L’équité fiscale revendiquée par l’initiative «pour les familles» est un paravent qui cache une mesure en faveur des nantis

Le commerce de l’illusion a encore de beaux jours devant lui. Un emballage séduisant, une rhétorique ajustée aux goûts ou même aux besoins du moment et vous trouvez à coup sûr preneurs. Voyez l’initiative de l’UDC soumise au vote le 24 novembre prochain.

Soutenir les familles qui élèvent leurs enfants sans aide extérieure au nom de l’égalité de traitement, en leur accordant la même déduction fiscale qu’à celles qui ont recours aux crèches ou aux mères gardiennes, voilà qui répond à la plus élémentaire logique et au sens commun de la justice. Comment expliquer autrement le soutien à ce projet révélé par le dernier sondage commandé par la SSR? 64% des personnes interrogées y sont favorables, 25% seulement s’y opposent. L’initiative séduit même à gauche: 43% de l’électorat vert (contre 39%) et 44% des socialistes (contre 45%).

Nous avons déjà montré (DP 2010) qu’une telle mesure créerait en réalité une inégalité de traitement. A revenu brut égal, les familles prenant en charge leur progéniture bénéficieraient alors d’un revenu disponible supérieur à celles faisant appel à une aide extérieure.

Mais il y a plus grave. La moitié des ménages helvétiques, ne disposant pas d’un revenu suffisant, ne paie pas d’impôt fédéral direct. L’initiative de l’UDC ne leur serait donc d’aucun secours. Et c’est pourtant parmi cette population que l’initiative rencontre le plus fort soutien. L’économiste Samuel Bendahan a calculé, selon leur niveau de revenu, le gain potentiel des familles dont un seul conjoint travaille: pour un revenu imposable de 40’000 francs, une diminution d’impôt de 684 francs; pour un revenu de 200’000 francs, un gain de 3’640 francs.
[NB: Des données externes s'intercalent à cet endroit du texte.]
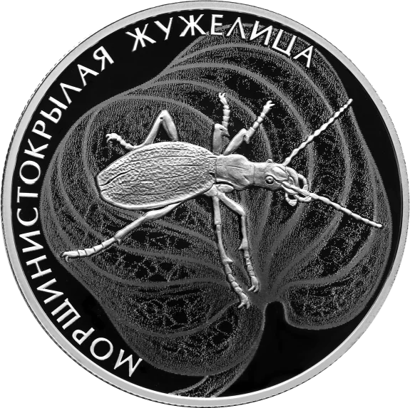 The coin's reverse has a laser-treated matte relief of a wrinkled ground beetle on a plant, with the inscription ‘МОРЩИНИСТОКРЫЛАЯ ЖУЖЕЛИЦА’ around the upper left circumference.
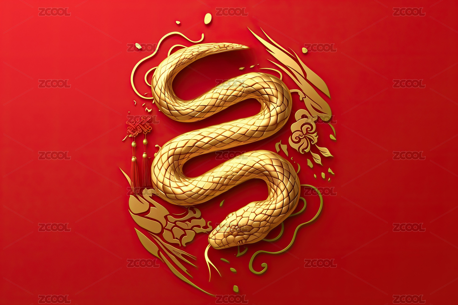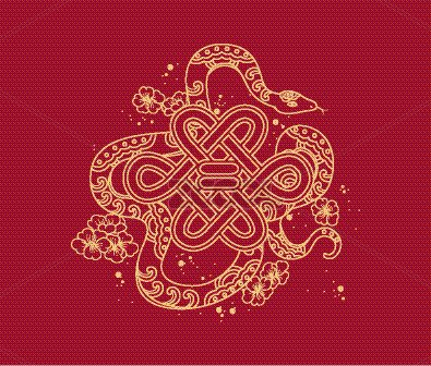 红色背景上的蛇年蛇形图案
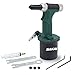 <br> <b>Product Description:</b>  <br>  <br>The SAKAI Pneumatic rivet gun includes the following nosepieces: 3/16"(4.8mm), 5/32"(4mm), 1/8"(3.2mm), 3/32"(2.4mm).  <br>Can use for Stainless steel nail, iron nail and aluminium nail  <br>Quick release air valve permits cylinder to return quickly for high speed assembly operations: Prevents overloading for long life.  <br>Gets into hard-to-reach areas.Provides quick, quiet and comfortable operation preventing user fatigue.Performs well at any angle. <br> <b>Specifications:</b>  <br>  <br>Net Weight: 2.9lb (1.33kg)  <br>When work pressure at 6 kgf/cm (85.34PSI),Rated tension is 890 kgf (1962.11 lbf)  <br>When work pressure at 8 kgf/cm (113.79 PSI),Rated tension is 1180 kgf (2601.45 lbf)  <br>Air Pressure: 80-120psi  <br>Air Riveter - 3/32", 1/8", 5/32", 3/16" Capacity  <br>Product travel: 19mm  <br>Hydraulic oil grade is 46 <br> <b>Features:</b>  <br>  <br>360 degree turnable 1/4-inch NPT air inlet, avoid bending pipe  <br>Short trigger,grip more comfortable, work more efficiently  <br>Air inlet increase control switch, no need to disconnect the intake pipe or shut down the air compressor, more  <br>convenient and environmentally friendly  <br>No vibration technology, the operation feel  <br>comfortable,extended service life.  <br>silencer design, low noise during operation and comply with environmental requirements. <br> <b>Attention: </b>  <br>  <br>Our product have one year warranty.  <br>SAKAI is registered Trademark by sanhegj.SAKAI Air tools supply you with power, flexibility & exceptional value.  <br>The SAKAI air rivet gun is an ideal accessory for your air compressor.  <br>If you have any questions , please feel free to contact us.
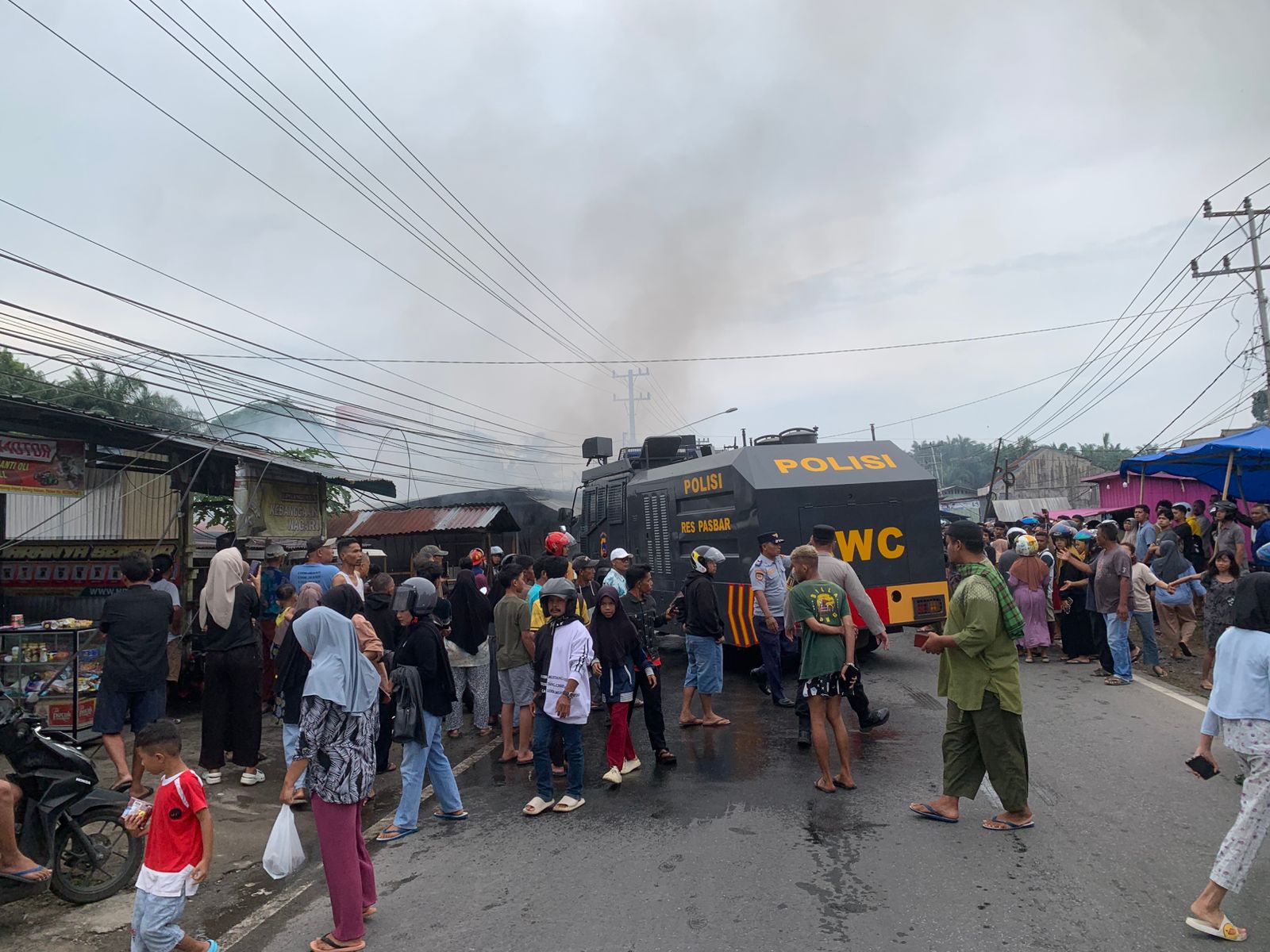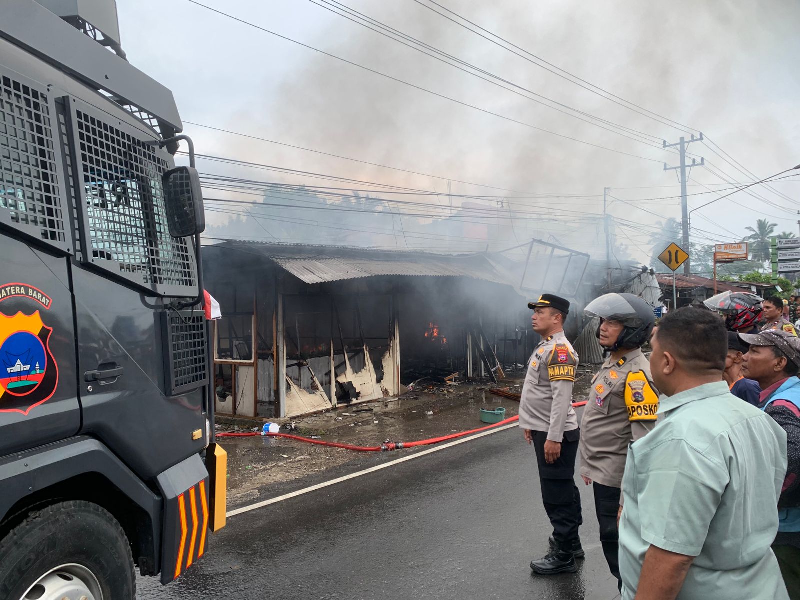 Dikatakan, mendapat informasi adanya peristiwa kebakaran, mobil Armoured Water Cannon (AWC) Polres Pasaman Barat serta dibantu dua unit mobil pemadam kebakaran dari Posko Simpang Empat dan Kinali, dikerahkan untuk membantu pemadaman.

De par la forte progressivité de l’impôt, les déductions profitent d’abord aux revenus élevés. L’initiative des démocrates-chrétiens pour une exonération fiscale des allocations familiales souffre du même vice. Car l’équité fiscale exige que tous les revenus soient imposés.

L’accumulation des déductions justifiées par la politique sociale ne profite finalement pas à ceux qui en auraient le plus besoin. L’initiative manque clairement son objectif déclaré. Car si l’UDC parle aux «petites gens», elle roule pour les nantis. Pire, son coût estimé – près d’un milliard et demi selon le Conseil fédéral – risque de conduire à une réduction des budgets cantonaux affectés aux familles et donc de pénaliser les ménages les moins bien lotis: l’initiative prônant l’égalité de traitement, il sera tentant, pour en minimiser l’impact sur les finances publiques, de diminuer les déductions pour la garde extérieure.

Le soutien aux familles traditionnelles, à celles dont les deux conjoints travaillent à l’extérieur, comme aux familles monoparentales exige des mesures à la fois plus efficaces et équitables que la déduction fiscale: un congé parental digne de ce nom pour la première année de vie de l’enfant, un chèque pour chaque enfant, qui permette le choix du mode de garde. Sans oublier le rôle de la famille à l’égard des parents âgés, des membres invalides ou malades: là également une aide financière serait bienvenue et, fournie sous forme de chèque, n’affaiblirait pas la progressivité du taux d’imposition.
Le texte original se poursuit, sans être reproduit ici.